Prior to Lonesome Road's release, New Vegas developers Obsidian had crafted a trio of excellent DLC packs to support the main game. Dead Money, Honest Hearts and especially Old World Blues showed that Obsidian had real flair for developing unique, standalone adventures in the Fallout universe, and the hope was that Lonesome Road would see their work on the franchise end on a high note.
Sadly, it wasn't to be. Lonesome Road ignored what made New Vegas great - its stellar writing and quest design - in favour of highlighting the game's shonky combat. The DLC was a tiresome trudge through a detritus-lined canyon that bombarded the player with high-level enemies and mini-bosses, in what felt like a bad pastiche of the Borderlands games.
Frustratingly, the final conversation with Lonesome Road's villain is classic Fallout fare - weighty, thought-provoking and excellently written and acted.
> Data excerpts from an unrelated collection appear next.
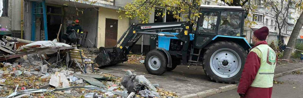 Комунальники прибирають після вчорашнього удару 057.ua »
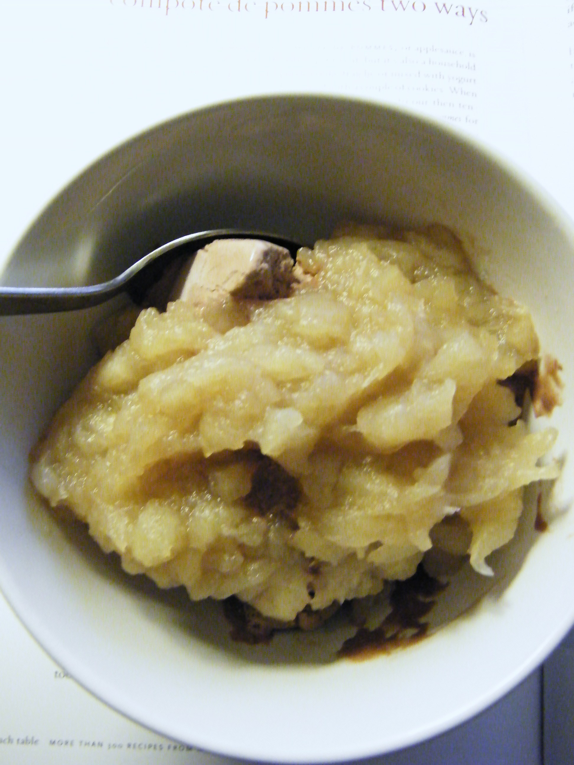 I made enough of this compote to enjoy of ice cream (or rather, Coconut Bliss) tonight, with lots left over to stir into yogurt tomorrow morning. Next time, I think I’ll make a bigger batch. I haven’t made an applesauce cake in far too long.
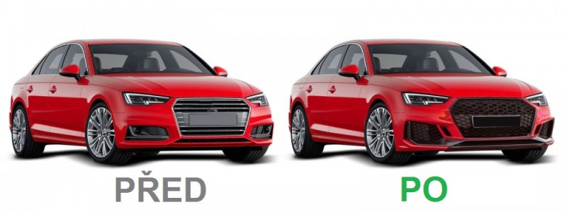 - přední nárazník sportovního stylu s otvory pro parkovací senzory (PDC) pro vůz Audi A4 B9, 2015-2019
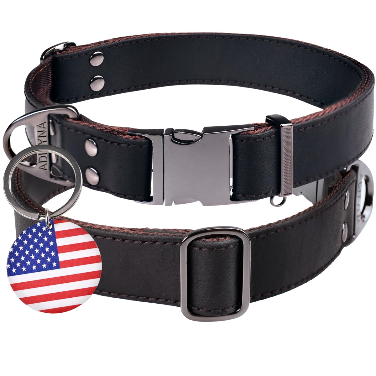 Welcome to a world where style meets functionality in tactical dog collars. Our Best Choice XL Dog Collar is meticulously designed for large and extra-large breeds, fitting neck sizes from 19 to 30 inches. With a width of 1 inches, it's ideal for Rottweilers, Cane Corso, Mastiffs, German Shepherds, Golden Retrievers, and more. To guarantee the best fit, we recommend measuring your dog's neck before referring to our sizing table. Crafted from premium quality leather, this top-rated collar is not just an accessory, but a testament to your love for your four-legged warrior. The adjustable design, featuring a sturdy metal buckle, a slide ring for dog tags, and a steel D-ring, offers both elegance and ease during your walks. Handmade with precision and care, this collar stands out with its stylish design. Made with the finest 100% genuine leather, its perfect for those seeking a collar that complements the most fashionable leather dog leashes. The deluxe gift package, complete with an engraved Dog Tag featuring the USA Flag, adds a patriotic touch to this exquisite product. Your peace of mind is our priority. This collar is built to provide a stress-free experience, boasting a strong locking system and an ultra-resistant design that withstands up to a 400lb pulling test. Walk your dog with confidence, knowing that you have chosen a collar designed for strength and durability. Embrace the blend of luxury and robustness with our leather dog collar. It's more than just a collar; its a pledge of safety, comfort, and style for your beloved large or extra-large dog. Choose our collar and join the ranks of satisfied dog owners who trust us for the best in quality and style.
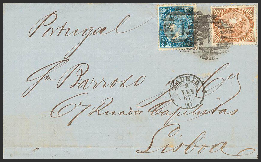 English 87, 88. 1867. 2 cuartos chestnut and 4 cuartos blue. MADRID to LISBON. Postmark GRILL WITH Nº 1. RARE DESTINATION IN THIS ISSUE.
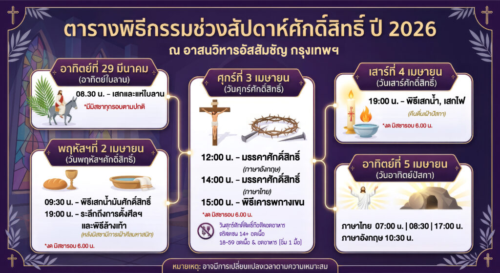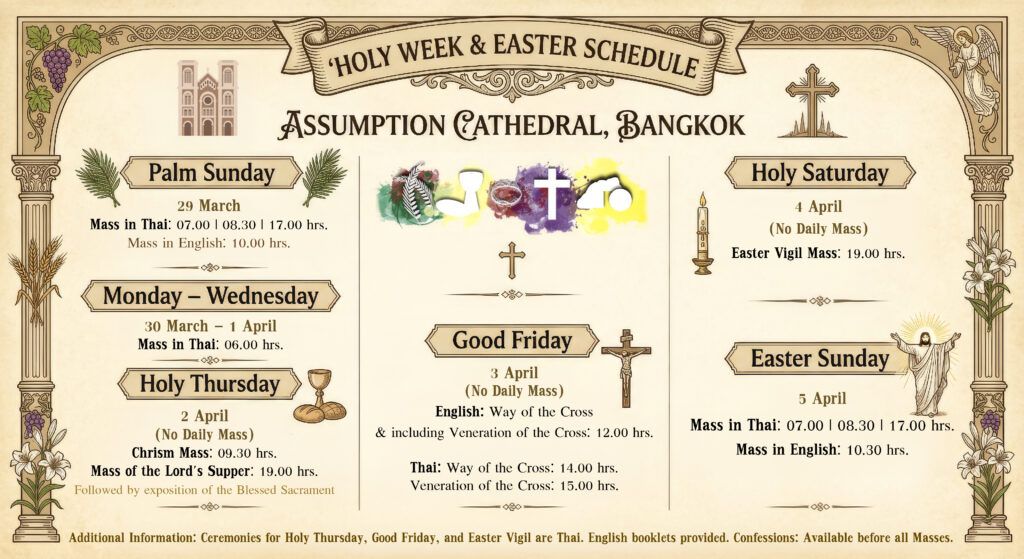 3. กำหนดการเดินรูป 14 ภาค ตลอดเทศกาลมหาพรต วันเสาร์ เวลา 16.30 น. ภาษาไทย(งดการสวดสายประคำ) วันอาทิตย์ เวลา 11.30 น. ภาษาอังกฤษ และ เวลา 16.30 น. ภาษาไทย
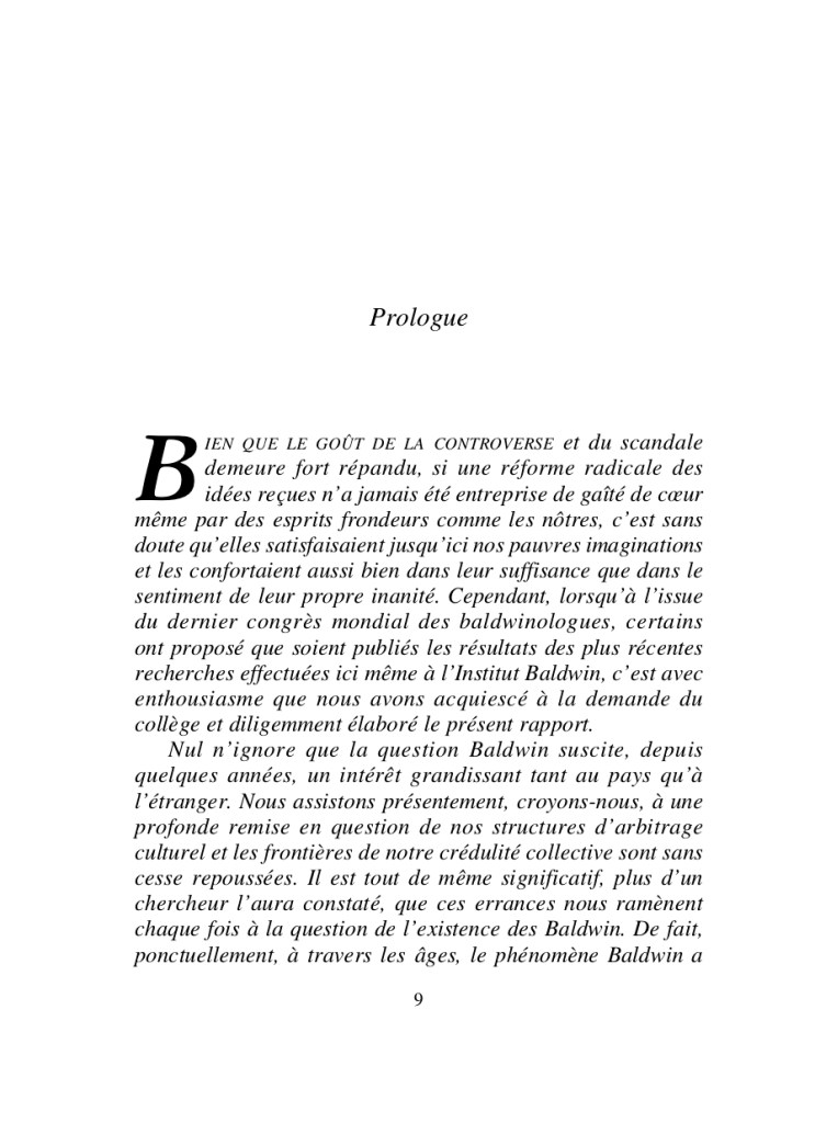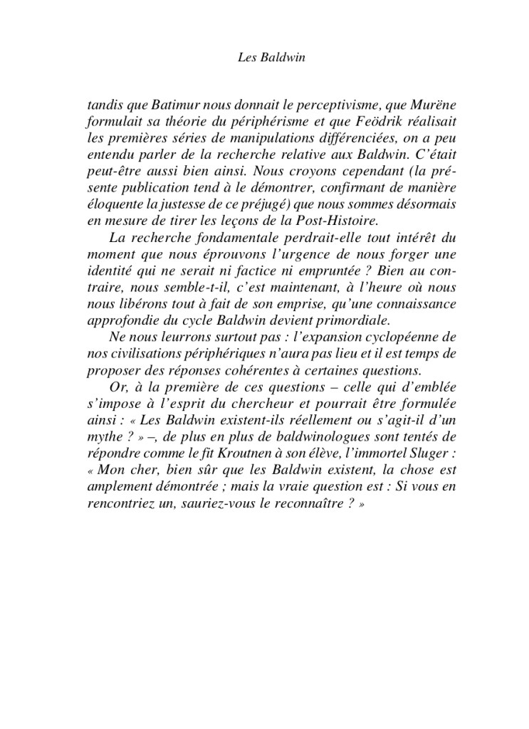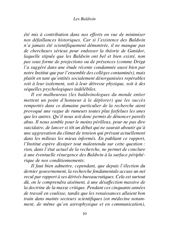 Quelques êtres errent sur une terre dévastée. Que s’est-il passé? Un mégatsunami? Une nouvelle glaciation? Une pandémie? Une sécheresse? Les écureuils et les pigeons servent de monnaie d’échange, la découverte d’un éclat de verre, d’un bout de métal suffit à provoquer l’expérience mystique. Qu’ils soient fonctionnaire ou prostituée, guérisseur ou contorsionniste, survivre est une occupation à temps plein pour les Baldwin. Grâce aux récitantes, l’épopée de ces créatures étranges est restituée dans toute son âpreté, pour la plus grande joie des baldwinologues qui n’ont de cesse de traquer la vérité. Les Baldwin ont-ils réellement existé ou s’agit-il d’un mythe? Force nous est d’admettre que leur monde offre de troublantes ressemblances avec le nôtre.
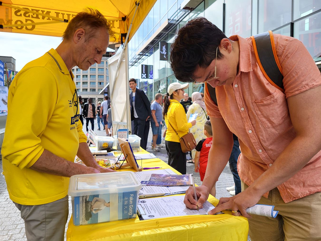 尼克拉斯(Nicolas)与学员交谈了解法轮功和迫害真相,并签名反活摘。
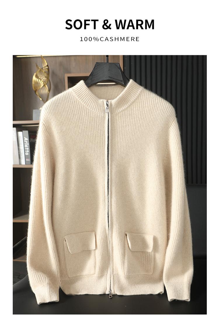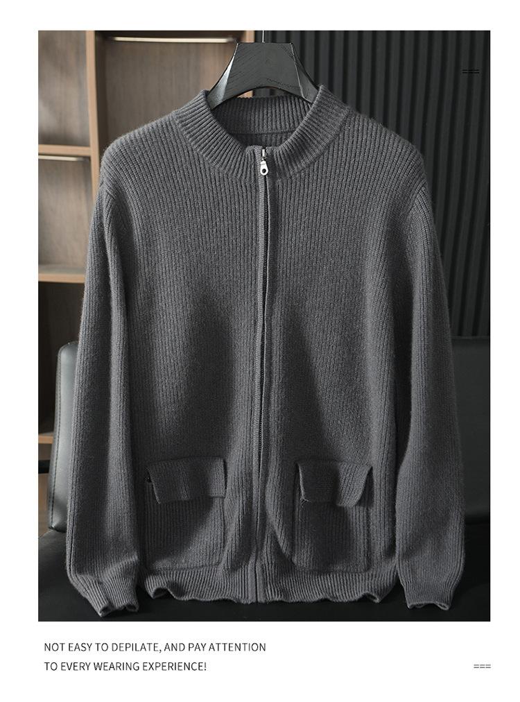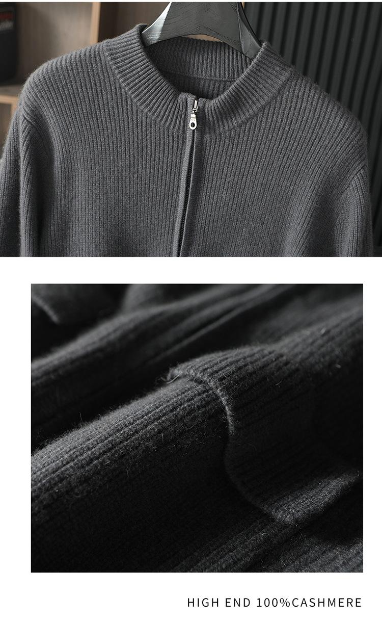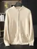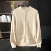 Suéter de otoño e invierno 100% cachemira pura para hombre, suéter de cuello redondo, cárdigan con cremallera, abrigo de color sólido, ropa exterior de punto para ir al trabajo
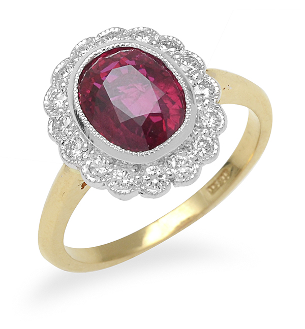 The oval cut ruby of 3.02cts surrounded by sixteen round brilliant cut diamonds totalling 0.35cts, mounted in 18ct gold, ring size L.
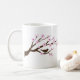 Beautiful vector illustration of a bird perched on a cherry blossoms or sakura tree comes in two stylish colours: pink and aqua. It can be personalised with your name, monogram, initials or any text of your choice for a complete custom look!
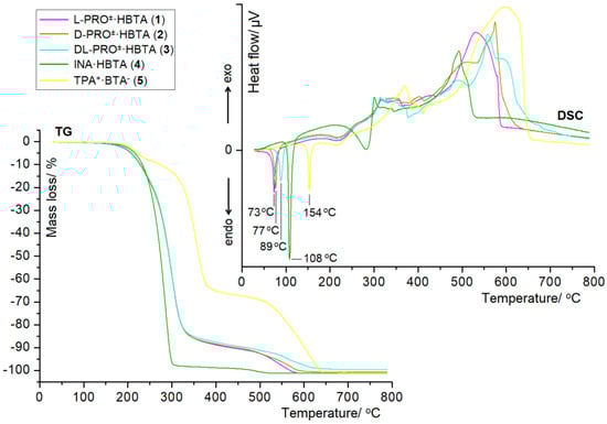 The thermal behaviour of prepared solid supramolecular associations was investigated by simultaneously employing thermogravimetry (TG) and differential scanning calorimetry (DSC). The TG and DSC traces registered for all adducts are illustrated in Figure 12, while the comparison of the TG and DSC thermal curves between the complexes and the free building bricks is shown in Figure S2. The plateaus visible on the TG profiles up to about 100 °C indicate the unsolvated nature of all the supramolecular frameworks. The sharp DSC endothermic dips situated at 73 °C (1), 77 °C (2), 89 °C (3), 108 °C (4) and 154 °C (5) correspond to the melting points of the obtained aggregates. The DSC results revealed that the melting points of all the adducts are distinct from HBTA (64 °C) [15] and the corresponding N-containing co-formers (L-PRO: 234 °C; D-PRO: 227 °C; DL-PRO: 213 °C; INA: 159 °C; TPA: 117 °C), which actually indicates the formation of new crystalline phases. The zwitterionic co-crystals of L-PRO±·HBTA (1), D-PRO±·HBTA (2) and DL-PRO±·HBTA (3) exhibit melting points in between the two components (Figure S2A–C), thus the materials 13 have a much lower thermal stability compared to that of the starting proline agents and a slightly higher thermal stability than that of HBTA. The melting point of the true co-crystal INA·HBTA (4), also found in between the two ingredients (Figure S2D), implies that the INA·HBTA (4) displays a decrease in the thermal stability of isonicotinamide and an improvement in the thermal stability of HBTA. The true salt TPA+·BTA (5) shows a noticeably higher thermal stability than that of the tryptamine and HBTA (Figure S2E), which is due to its higher melting point than that of the initial components. The TG and DSC curves show that all supramolecular adducts decompose only after melting. Among the first exothermic effects reflected on the DSC traces for complexes 15, the one located at a much higher temperature than the others is the exothermic peak with a maximum at 370 °C, which was observed for salt 5. The most intensive exothermic peaks visible on the DSC profiles of compounds 15 are situated around 531 °C, 574 °C, 558 °C, 483 °C and 598 °C, respectively, indicating the dominant stage of the decomposition process of these substances. It is evident from the TG curves that all of the complexes 15 decompose completely without any solid residues.
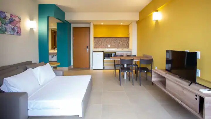 Մեր Բնակարանը գտնվում է Solar das Aguas հյուրանոցում ։ Flat հասկացությունն այն է, որ այն մի ամբողջ բնակարան է հյուրանոցում ։ Նարնջագույն թերմասի հարևանությամբ գտնվող խոհանոցով բնակարան, ժամանակակից և հարմարավետ տարածք ՝ հյուրանոցային և հյուրանոցային սպասարկման հարմարավետությամբ և հյուրի տրամադրության տակ գերծանրաբեռնված կառուցվածքով ՝ հանգստի ավելի քան 20 տարբերակներով ։

Yet it stands in such blatant contrast with the tedious, three-hour long gauntlet that precedes it, you can't help but wonder what might have been if Obsidian hadn't spent so much of the DLC's run-time playing against their strengths.
After the exquisitely crafted concertos of the prior DLCs, Lonesome Road sadly ensured that the New Vegas symphony ended on a brown note.